──────── Material for the task ────────

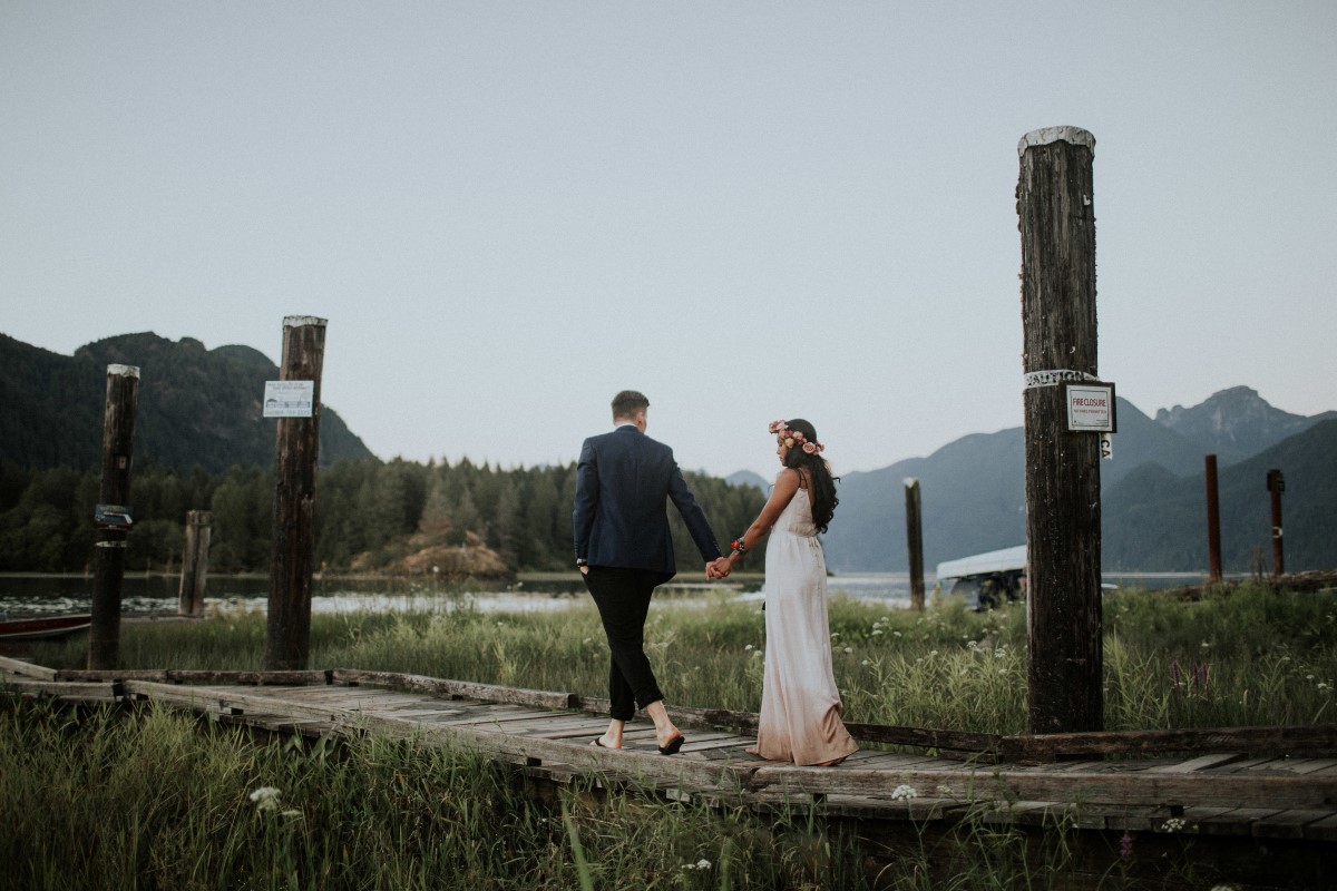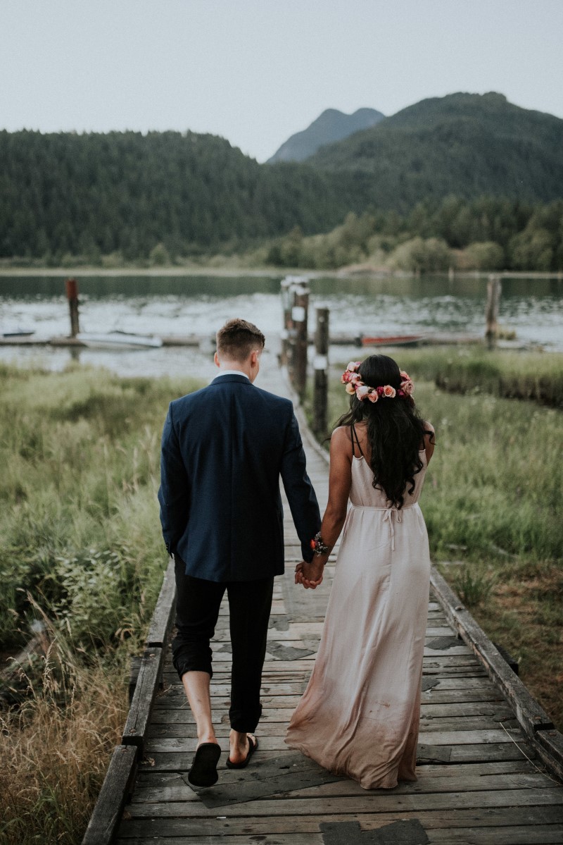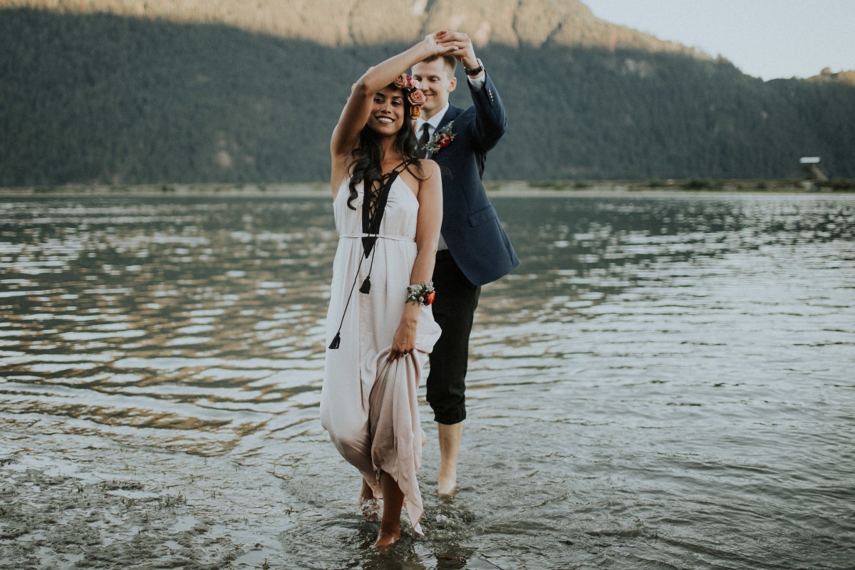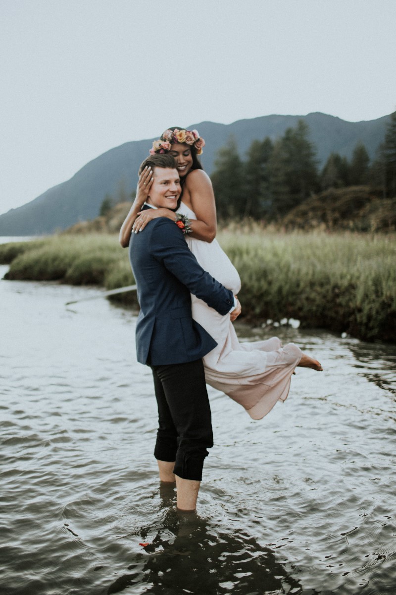 A boat filled with lush florals? A lakeside elopement? Yes, Please! This styled elopement was a collaboration between photographer Art + The Aerialist, Menze Visuals, and florist Kaye Fleur in Pitt Meadows, BC. The location, a remote sandbar on Pitt Lake, was only accessible by boat, which certainly added to the adventure!
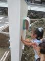 次は、思い出に門柱の裏側に手形をニコニコ(女の子)パー
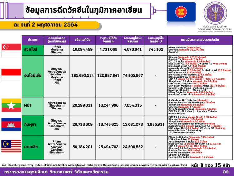 - ในภูมิภาคอาเซียน ได้ฉีดวัคซีนแล้วครบ 10 ประเทศ รวมจำนวน 529,397,861 โดส ได้แก่
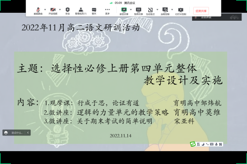 近日,高中研訓中心語文學科組研訓教師宋亞科利用騰訊會議,在線上組織了一次主題為“選擇性必修上冊第四單元整體教學設計及實施”的研訓活動。
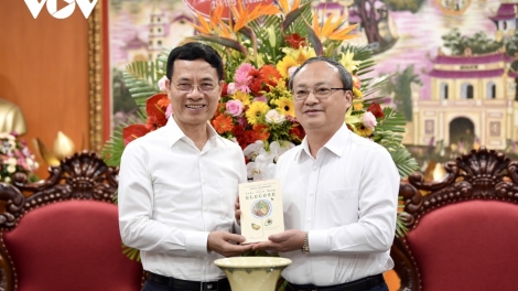 Bộ trưởng Nguyễn Mạnh Hùng và lãnh đạo nhiều bộ, ngành thăm và chúc mừng VOV
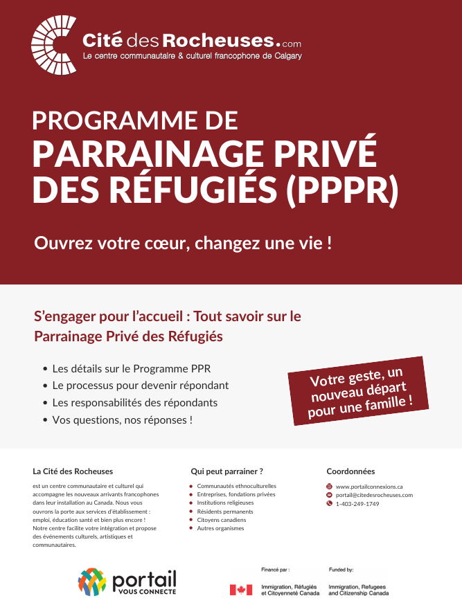 La Cité des Rocheuses accompagne les francophones des Prairies et des Territoires du Nord-Ouest en fournissant toutes les informations, ressources et conseils dont vous avez besoin pour vous impliquer efficacement dans le PPPR. Grâce à nos efforts de promotion, de sensibilisation et de soutien, nous vous permettons de devenir un parrain éclairé et actif, contribuant ainsi à des parrainages inclusifs, positifs et durables pour toutes les personnes réfugiées. Votre engagement peut faire une réelle différence, en aidant des réfugiés à commencer une nouvelle vie dans la dignité et la sécurité, tout en tissant des liens enrichissants avec votre communauté.

────────

• [Problem requirements]
Write out exactly the lines from the one containing "次は、思い出に門柱の裏側に手形をニコニコ(女の子)パー" through the end of the records above, both included, leaving all pictures out.

• [Exercise result]
 次は、思い出に門柱の裏側に手形をニコニコ(女の子)パー
 - ในภูมิภาคอาเซียน ได้ฉีดวัคซีนแล้วครบ 10 ประเทศ รวมจำนวน 529,397,861 โดส ได้แก่
 近日,高中研訓中心語文學科組研訓教師宋亞科利用騰訊會議,在線上組織了一次主題為“選擇性必修上冊第四單元整體教學設計及實施”的研訓活動。
 Bộ trưởng Nguyễn Mạnh Hùng và lãnh đạo nhiều bộ, ngành thăm và chúc mừng VOV
 La Cité des Rocheuses accompagne les francophones des Prairies et des Territoires du Nord-Ouest en fournissant toutes les informations, ressources et conseils dont vous avez besoin pour vous impliquer efficacement dans le PPPR. Grâce à nos efforts de promotion, de sensibilisation et de soutien, nous vous permettons de devenir un parrain éclairé et actif, contribuant ainsi à des parrainages inclusifs, positifs et durables pour toutes les personnes réfugiées. Votre engagement peut faire une réelle différence, en aidant des réfugiés à commencer une nouvelle vie dans la dignité et la sécurité, tout en tissant des liens enrichissants avec votre communauté.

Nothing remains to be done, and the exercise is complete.